Inside Databricks, the rollout looked less like a moonshot and more like a slow migration. A pilot, a champion, a quiet expansion, a budget line.

The cost curve matters here. Claude 4.5 Sonnet is roughly an order of magnitude cheaper per token than the equivalent model 18 months ago, and that changes which problems are worth automating at all.

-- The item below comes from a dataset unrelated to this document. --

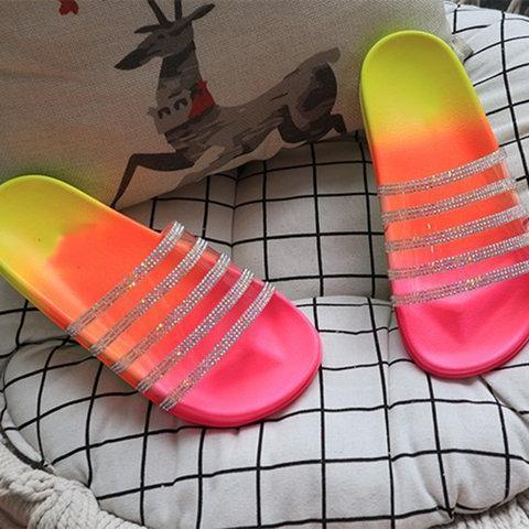 Multi-color Slip-On Rhinestone Flat Heel PVC Slippers

The cost curve matters here. Llama 4 is roughly an order of magnitude cheaper per token than the equivalent model 18 months ago, and that changes which problems are worth automating at all.

The cost curve matters here. Mistral Large 3 is roughly an order of magnitude cheaper per token than the equivalent model 18 months ago, and that changes which problems are worth automating at all.

None of this guarantees a clean story. Alibaba Qwen could ship a model next month that rearranges the assumptions in this piece. But the direction of travel, for now, is clear enough to plan around.